Word2vec is a toolkit launched by Google in 2013 by open source for obtaining word vector. It is simple and efficient, so it has aroused the attention of many people. Tomas Mikolov, the author of word2vec, did not talk about too many algorithm details in two related papers [3, 4], thus increasing the mystery of this toolkit to a certain extent. Some people who couldn't help but choose to take a look at the source code through anatomy.
The first contact with word2vec was in February. At that time, I studied the paper published by Zheng Xiaoqing from Fudan University [7]. My main job was to use the senna algorithm ([8]). move to Chinese scenarios. I think it is quite interesting, so I made an implementation (see [20]). However, because the training time of word vectors is too long, I chose to use word2vec to provide word vectors, I did not expect that the Chinese word segmentation effect was good. I immediately gave a look at word2vec, and my curiosity grew.
Later, I saw some specific applications of word2vec, And the Tomas Mikolov team also promoted them to sentences and documents ([6]). therefore, it is indeed necessary to understand the algorithm principles in word2vec in order to track their follow-up research. As a result, I read the code carefully, so I basically understood the practice. The first feeling is: "It is a very simple, superficial structure. Why is it said that it is deep learning by so many people ?"
In the process of anatomy of the word2vec source code, in addition to the algorithm-level gains, in fact, there are also a lot of gains in programming skills.
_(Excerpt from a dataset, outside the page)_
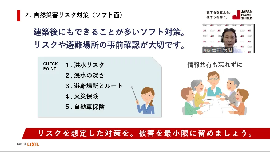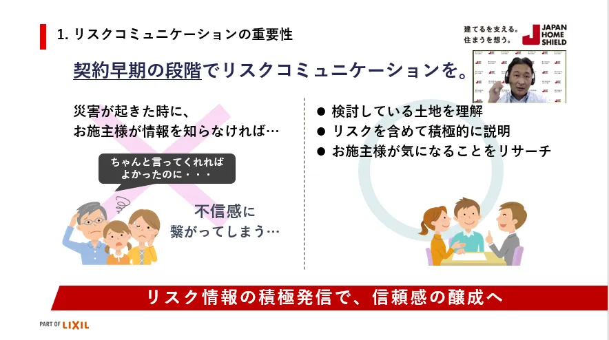 JHS東日本営業部長の石井からはお施主様とリスクコミュニケーションを取る際のポイントを解説しました。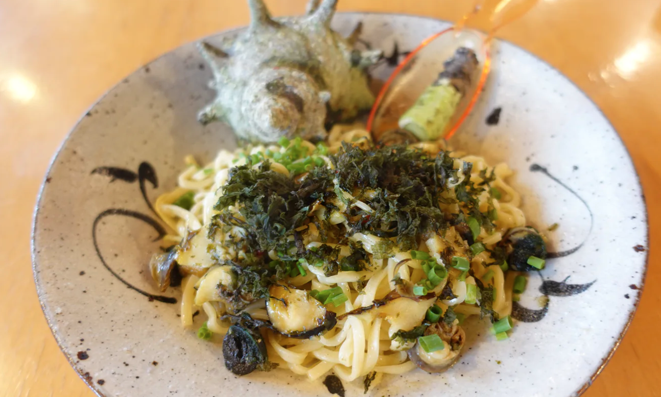 コリコリ食感がたまらない、活サザエをつかった「しいの木やま」さんの看板メニューをアレンジした「南伊豆産 活サザエと海苔のパスタ」を一緒に作れる動画など、人や食材の魅力に出会う体験セットをお届けします。

Since it took a lot of time to read the code, I still need to write down what I understood and provide some reference to friends in need.
In the process of finishing this article, contact the Group of Friends in the Deep Learning Group @Northbrook prodigal son([]) I would like to express my gratitude for the many useful discussions. In addition, I have also referenced some of other people's documents and listed them in the references. I would like to express my gratitude for their work.
Peghoty
Source: http://blog.csdn.net/itplus/article/details/37969519
You are welcome to repost/share the article, but be sure to declare the source of the article.